§ THE DATA:
----------------------------------------

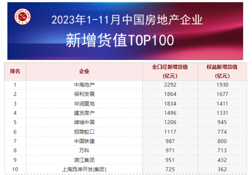 根據(jù)中指研究院數(shù)據(jù)顯示,中海地產(chǎn)、保利發(fā)展、華潤置地占據(jù)新增貨值榜單前三位。2023年1-11月,中海地產(chǎn)以累計新增貨值2292億元占據(jù)榜單第一;保利發(fā)展、華潤置地緊隨其后,累計新增貨值規(guī)模分別為1864億元和1834億元。TOP10企業(yè)2023年1-11月新增貨值總額13442億元,占TOP100企業(yè)的41.7%;TOP100企業(yè)新增貨值門檻為121億元。
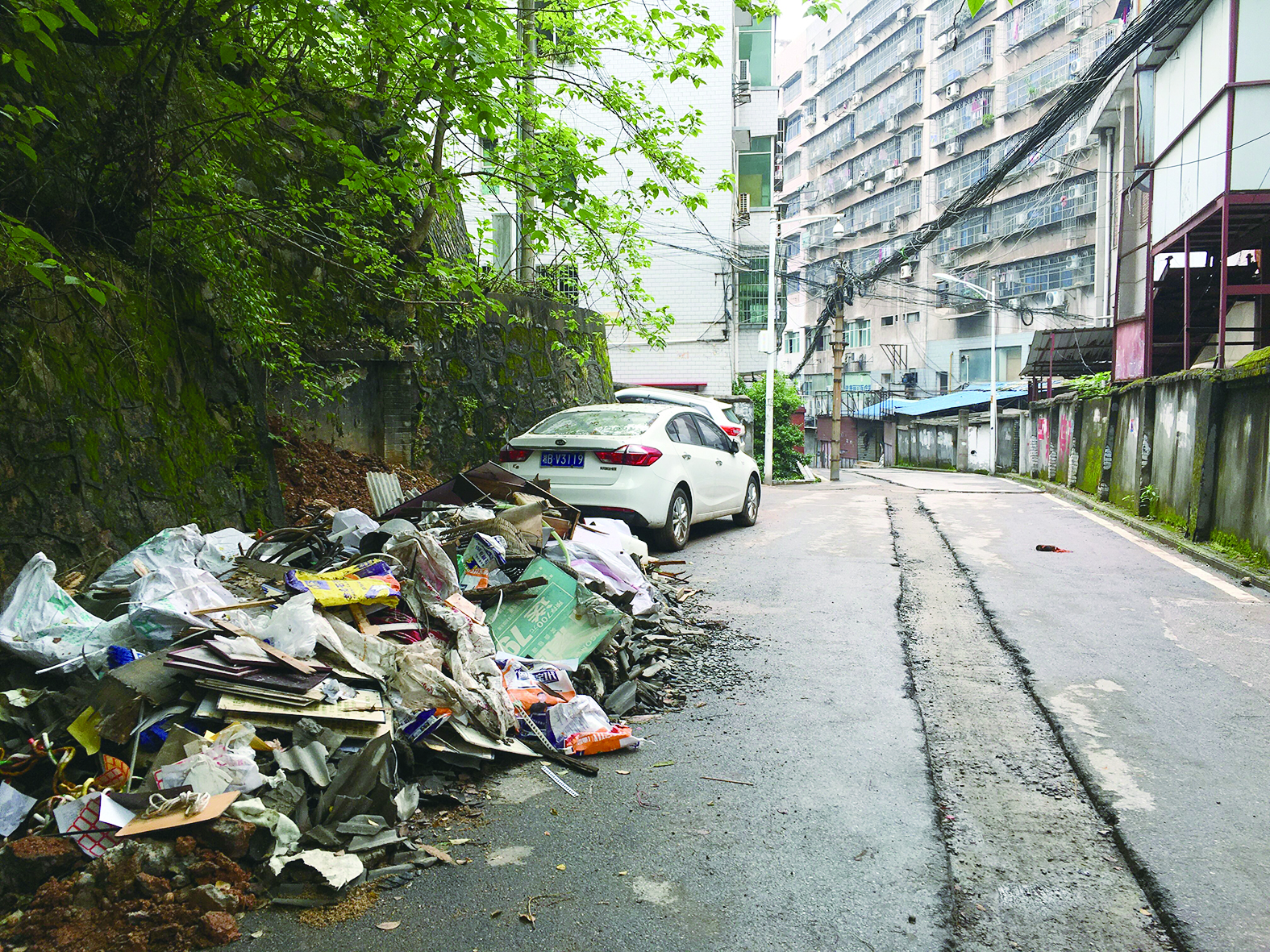 ▲制镜路,路边堆放建筑垃圾。记者/ 刘平 摄
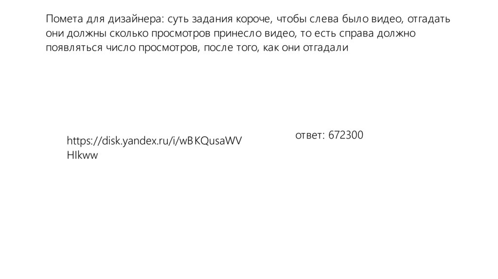 Помета для дизайнера: суть задания короче, чтобы слева было видео, отгадатьони должны сколько просмотров принесло видео, то есть справа должно
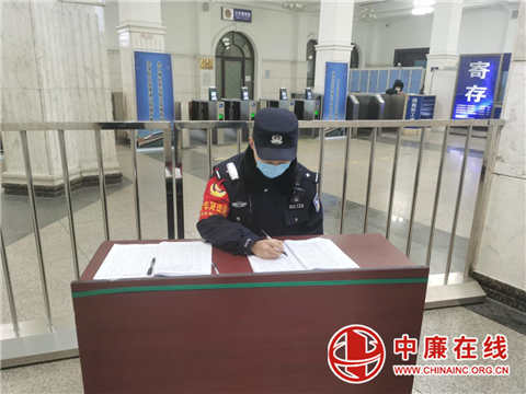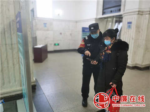 防疫战斗中,陈宝东同志将岗位前置,配合铁路防疫工作人员,帮助旅客登记信息,指导旅客扫码进站乘车,对不理解防疫动作的旅客耐心讲解。(刘峰)

----------------------------------------

§ WHAT IS BEING ASKED: Return the data exactly. Do not carry over any images.

§ ANSWER SECTION:
 根據(jù)中指研究院數(shù)據(jù)顯示,中海地產(chǎn)、保利發(fā)展、華潤置地占據(jù)新增貨值榜單前三位。2023年1-11月,中海地產(chǎn)以累計新增貨值2292億元占據(jù)榜單第一;保利發(fā)展、華潤置地緊隨其后,累計新增貨值規(guī)模分別為1864億元和1834億元。TOP10企業(yè)2023年1-11月新增貨值總額13442億元,占TOP100企業(yè)的41.7%;TOP100企業(yè)新增貨值門檻為121億元。
 ▲制镜路,路边堆放建筑垃圾。记者/ 刘平 摄
 Помета для дизайнера: суть задания короче, чтобы слева было видео, отгадатьони должны сколько просмотров принесло видео, то есть справа должно
 防疫战斗中,陈宝东同志将岗位前置,配合铁路防疫工作人员,帮助旅客登记信息,指导旅客扫码进站乘车,对不理解防疫动作的旅客耐心讲解。(刘峰)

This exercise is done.